EXAMINATION AND COMMENT ON ABSENT WITNESSES

(re: dkt. #1692)

Samsung seeks to preclude Apple from either eliciting testimony or offering attorney comment on Samsung's failure to call certain witnesses to testify at trial. See ECF No. 1692 ("Mot."). Samsung argues that permitting such testimony or attorney comment would be unduly prejudicial under FRE 403, and would also be inappropriate in light of the Court's 25-hour trial time limit and the large number of claims at issue in this case, which circumscribe Samsung's trial decisions. Mot. at 1-2. Apple opposes. ECF No. 1712.

The Court has not found, and Samsung has not identified, any case law supporting Samsung's requested blanket prohibition on testimony or attorney comment regarding either party's failure to call particular witnesses. To the contrary, while "the law does not require that a party introduce all of the evidence that is available to him, . . . [c]ounsel may comment to the juryon the failure to call a witness or the judge may instruct on the presumption." Food Machinery & Chem. Corp. v. Meader, 294 F.2d 377, 384 (9th Cir. 1961). Furthermore, both parties have been subject to the same time limit and other legal and procedural constraints of which Samsung complains, and both parties are equally free to point out the alleged deficiencies in the opposing party's case, to the extent permitted by law. In fact, during cross-examination of Apple's experts, Samsung asked why Apple's experts had not communicated directly with certain Apple's inventors, who are still employed by Apple and available. Thus, the jury could have drawn inferences about these inventors' ability to testify and their absence at trial.

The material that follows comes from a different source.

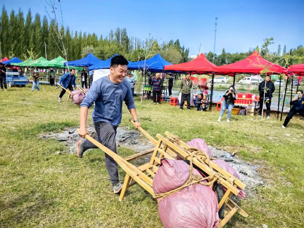 欢闹热烈的“搬运丰收”比赛现场。(乌苏市委宣传部提供)
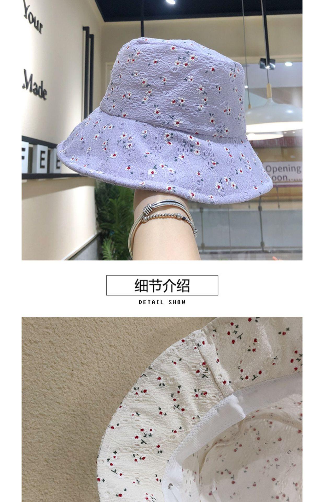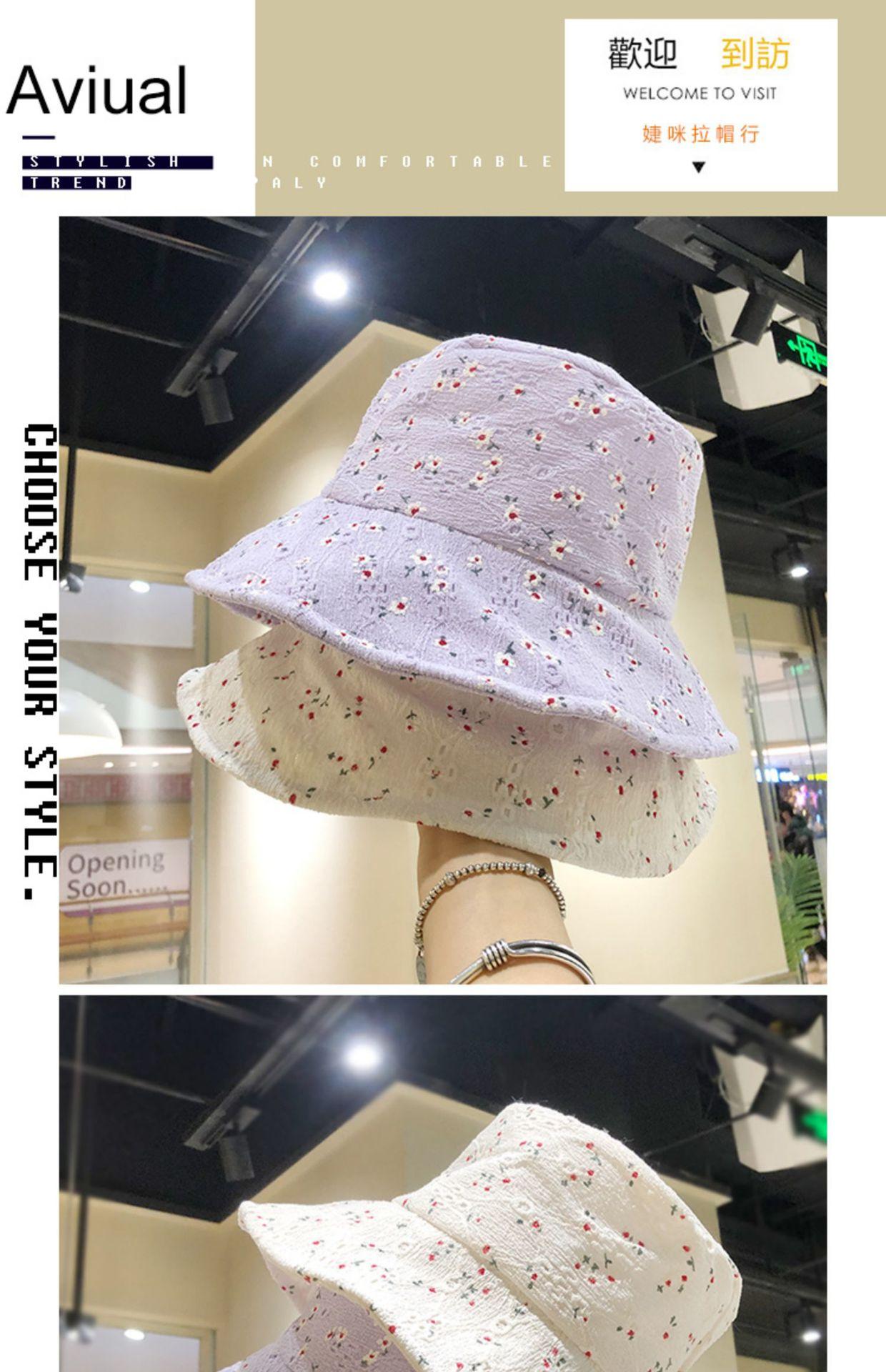 Purple small flower fisherman hat with color difference, Beige White small flower fisherman hat with color difference

While the Court declines to impose a blanket prohibition on testimony or attorney comment regarding the absence of witness testimony, the parties should be mindful that abuse of the so-called "missing witness" or "uncalled witness" rule could be grounds for a curative instruction. As a general matter, the "missing witness" or "uncalled witness" rule allows a party to "properly argue to the jury the possibility of drawing [an adverse] inference from the absence of a witness," provided that the party first "establish[es] that the missing witness was peculiarly within the adversary's power to produce." Chicago College of Osteopathic Med. v. George A. Fuller Co., 719 F.2d 1335, 1353 (7th Cir. 1983). That a missing witness was "peculiarly within the adversary's power to produce" can be established "by showing either that the witness is physically available only to the opponent or that the witness has the type of relationship with the opposing party that pragmatically renders his testimony unavailable to the opposing party." Id. However, "[i]f the uncalled witnesses are equally available to both parties, no inference should be drawn." Bellmore v. U.S. Steel Corp., 983 F.2d 1065, at *1 (6th Cir. 1992) (unpublished) (citing Harkins v. Perini, 419 F.2d 468, 471 (6th Cir. 1969); Herbert v. Wal-Mart Stores, Inc., 911 F.2d 1044, 1048 (5th Cir. 1990)).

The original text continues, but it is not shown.